Nitro appeared at my flank—one breath, he wasn’t there, and the next, he was. Neither Kane nor Edge moved at all. The fastest way to spook a cornered animal was to look like you wanted it to run.

“She?” I used a nonchalant tone as if we were trading the weather. “Bellatrix Creed?”

His eyes narrowed, sweeping over us, and his grip wobbled. “You work for her or the Broken Skulls. Tell me and see if it keeps you alive.”

“Not a chance.” I kept my weapon pointed at the floor, palm open on the frame. “We’re not hers or Skulls. We’re Redline Kings. Came to get you out, not put you in the fucking ground.”

“Prove it,” he demanded, and though the gun shook, his voice gathered a hard vein underneath. This was a man trying to sound like he could still decide his own ending.

I slid a look at Kane. He gave the slightest nod.

“We’re here because of Ashlynn.”

He could hear the truth in my voice.

The barrel dipped a fraction. That bloodshot eye went wide.

“Ashlynn?” He sucked air like he’d dropped something heavy on his foot. “She’s?—”

“Alive,” I confirmed. “And safe.”

The gun stuttered lower, then lifted again like habit was heavier than hope.

“I didn’t…I never meant—” A swallow worked down his dry throat, and he blinked so hard that he swayed on his feet.

We didn’t want to spook him anymore, so both Nitro and I slid our pistols into their holsters, and Edge put away his knife.

The door scraped as Elias opened it. He stepped into the corridor just enough for the fluorescent light to show a haggard man in an overwashed T-shirt, jeans that had seen too many days, and bare feet gone gray with dust. A lanyard hung around his neck with a small black fob at the end, scuffed, edges worn—the kind of hardware key a man wore to bed when he didn’t trust his surroundings.

Kane’s voice was quiet steel. “Gun, Elias.”

He was making it clear that nothing else would be said or done until we were no longer being threatened.

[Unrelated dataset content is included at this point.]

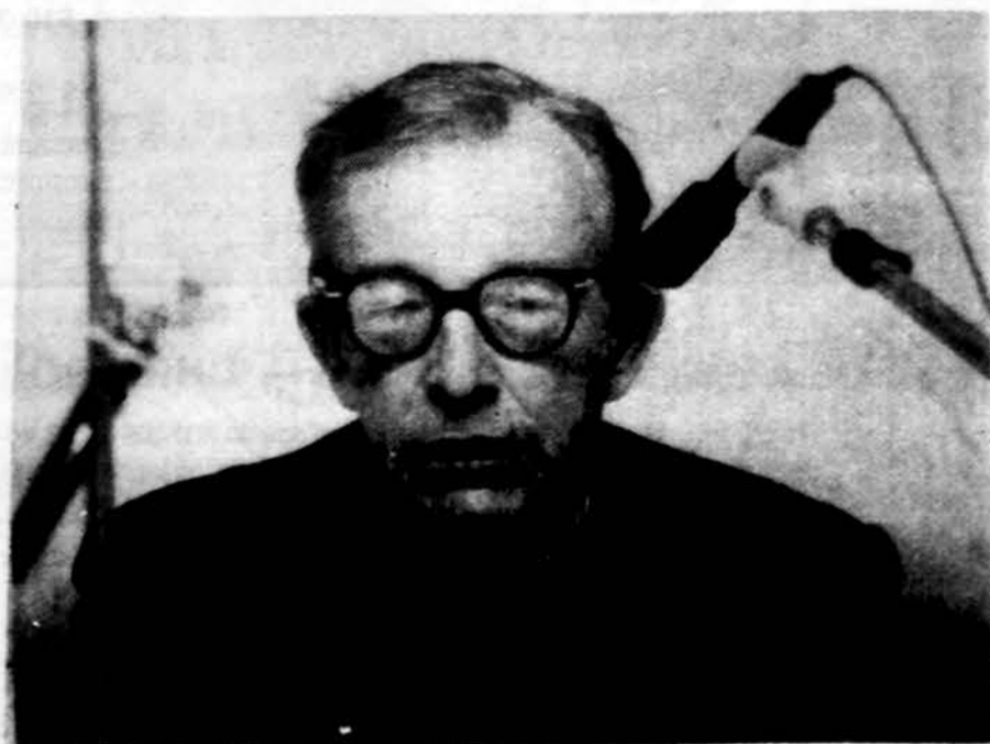
Ambasadorius Stasys Lozoraitis spaudos konferencijoje.

Elias looked at the pistol like he’d forgotten it, then placed it on the floor with deliberate care and nudged it toward Nitro with his toe. Nitro scooped it up, weighed it with a face that said tragic, then cleared the chamber and pocketed the mag.

Elias sagged back against the jamb, both hands braced behind him like the door was the only thing keeping him vertical.

“Start at the top.” Edge’s voice was almost gentle, which is a trick if you know him. “Who’s the she you’re terrified of? How did we get here? And if I like the answers, you get shoes and something hot that isn’t ninety-day-old coffee.”

“Bellatrix Creed,” he spat, the name like a pitch-black pit he couldn’t see the bottom of.

“Chief compliance on paper. Functionally? Queen of rot. She built a private market out of fear.” He pushed off the jamb and gestured with two fingers at the humming racks.

“They call it The Ledger because this country loves a polite lie. It cataloged weaknesses. Debts, secrets, pressure points. The access was supposed to be ring-fenced. Legal would call it liability control. Internal language. Guardrails. She loved that word. Guardrails.” His laugh went thin, all edges.

“What she built were rails for a cattle chute.”

Nitro had stepped just inside the room. He set a fallen office chair upright with a toe, then dropped onto it, elbows on knees, eyes steady on Elias. Combat-patient—which was Nitro’s version of a hug. “How does a ledger turn into a blackmail factory?”